# Like Metallica but need some class



## shoretyus (Jan 6, 2007)

Try this 
http://www.myspace.com/harptallica


----------



## Starbuck (Jun 15, 2007)

That's cool but not as cool as:

http://www.youtube.com/watch?v=RSMXMv0noY4

I have this album and it's great dinner music, with a twist!


----------



## ne1roc (Mar 4, 2006)

Here's another great one for Metallica fans........and everyone else!

http://www.youtube.com/watch?v=L8dj11BMw80&mode=related&search=


----------



## Starbuck (Jun 15, 2007)

OOohhh while we're on the subject of cheese... No video, but pretty cheesy all in all. Yikess!
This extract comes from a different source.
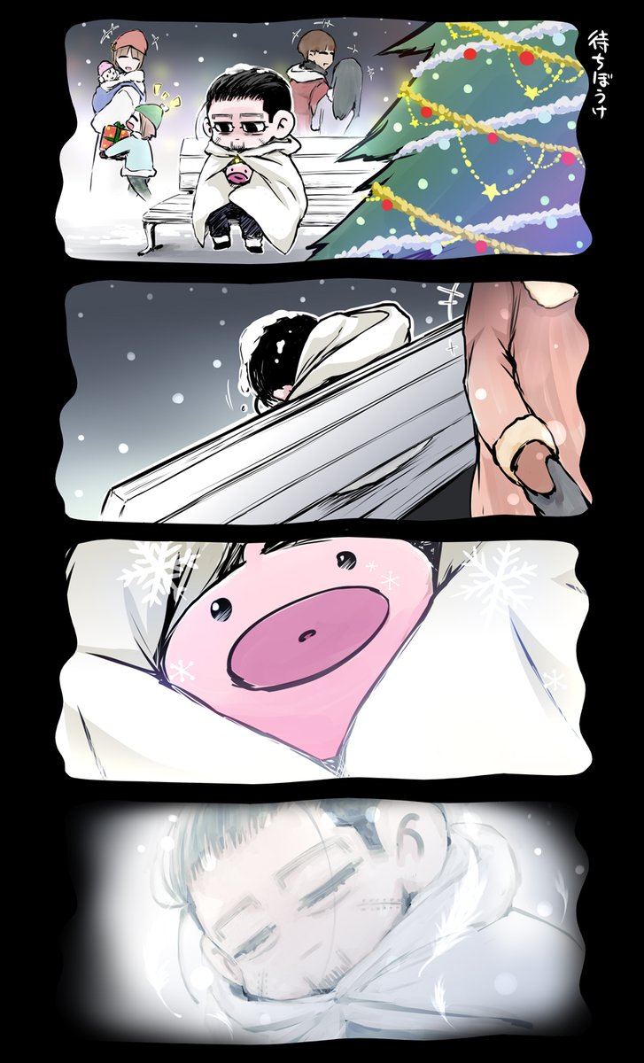 6 53 オガタの4コマ㉟ 頭巾ちゃん遅いなぁ… #ゴールデンカムイ #尾形百之助 #4コマ漫画 22/12/10 17:43

http://www.youtube.com/watch?v=lUTw8osIopc


----------



## ne1roc (Mar 4, 2006)

Starbuck50 said:


> OOohhh while we're on the subject of cheese... No video, but pretty cheesy all in all. Yikess!
> 
> http://www.youtube.com/watch?v=lUTw8osIopc


Thats a good one!


----------



## Starbuck (Jun 15, 2007)

No kidding! You believe he released an entire album? So did Paul Anka, doing stuff like Bon Jovi..


----------



## simescan (May 15, 2007)

Starbuck50 said:


> OOohhh while we're on the subject of cheese... No video, but pretty cheesy all in all. Yikess!
> 
> http://www.youtube.com/watch?v=lUTw8osIopc


I'm just thankful there's no video.....


----------



## Guest (Sep 27, 2007)

Then there's Beatallica.
Check out these boys.
http://www.youtube.com/watch?v=qyCK0a3XbMo&mode=related&search=


----------



## ne1roc (Mar 4, 2006)

laristotle said:


> Then there's Beatallica.
> Check out these boys.
> http://www.youtube.com/watch?v=qyCK0a3XbMo&mode=related&search=


This is great!


----------



## Starbuck (Jun 15, 2007)

That is Awesome!


----------



## shoretyus (Jan 6, 2007)

I wanna choke your band 

major chuckle over that one 

:rockon2:


----------



## NB-SK (Jul 28, 2007)

laristotle said:


> Then there's Beatallica.
> Check out these boys.
> http://www.youtube.com/watch?v=qyCK0a3XbMo&mode=related&search=


That's the most original thing I've heard in a long time. Thanks for the post.


----------